Core Production Capacity and Stable Supply Capability
We manage production through continuous asset utilization strategies, drawing lessons from historical batch performance and frequent process equipment assessment. Stable feedstock allocation—sourced internally—reduces external price shocks and contamination risks. Batch-to-batch repeatability is tracked by both real-time analytics and post-release review, minimizing output dispersion and supporting volume reliability. Supply chain logistics integrate with quality checks at each loading stage, removing uncertainty for downstream processors concerned with delivery consistency.
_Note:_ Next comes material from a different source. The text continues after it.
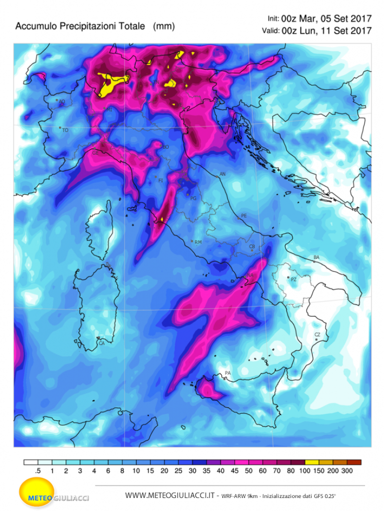 Buoni apporti su tutta la pianura friulana e parte di quella veneta, tra Liguria ed alta Toscana, fra Toscana, Umbria e Lazio ma anche al Sud con accumuli importanti su Campania e Sicilia occidentale. Vedremo nei prossimi giorni se questa tendenza sarà confermata.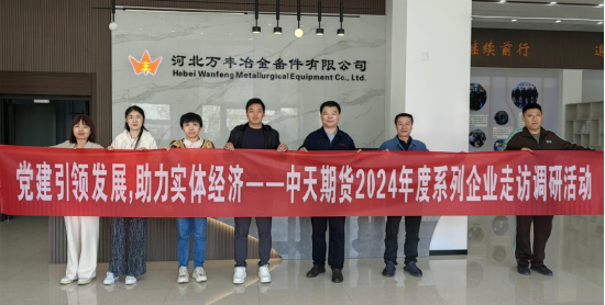 2024年4月17日,在经过多次前期接触与充分准备之后,中天期货有限责任公司委派机构管理总部经理黄磊带领由多部门精通业务的骨干员工组成的工作小组前往河北省万丰冶金备件有限公司进行走访调研。此次活动主题为“党建引领发展,助力实体经济—中天期货2024年度系列企业走访调研活动”。此次活动目的为实地考察企业的生产经营需求,现场为企业提供金融衍生品增值赋能的辅导与初步解决方案。

Sample Application Process
For new and qualified customers, pre-shipment sample applications run through technical services. The process includes a needs assessment, grade matching, and dispatch of production-standard samples, not small-lot or pilot material. Along with the sample, technical dossiers and indicative analytical profiles are provided, grounded in the same controls as bulk releases. Feedback loops enable adjustment of grade selection for application-specific performance, lending support for customer qualification and formula adaptation phases.
Detailed Explanation of Flexible Cooperation Mode
Our business partners operate within dynamic industries, so we support a negotiated procurement framework—options include fixed-quantity supply contracts, rolling-window delivery, and blend sourcing agreements. Each framework incorporates custom QA/QC release milestones and payment terms aligned with the production cycle. Large-volume contracts encourage joint inventory management, while smaller buyers can arrange short-run lots without exposure to longer-term price locks. All cooperation formats maintain transparent communication on stock levels, replenishment schedules, and release testing to shield both manufacturer and customer from risk related to output reliability or quality variation.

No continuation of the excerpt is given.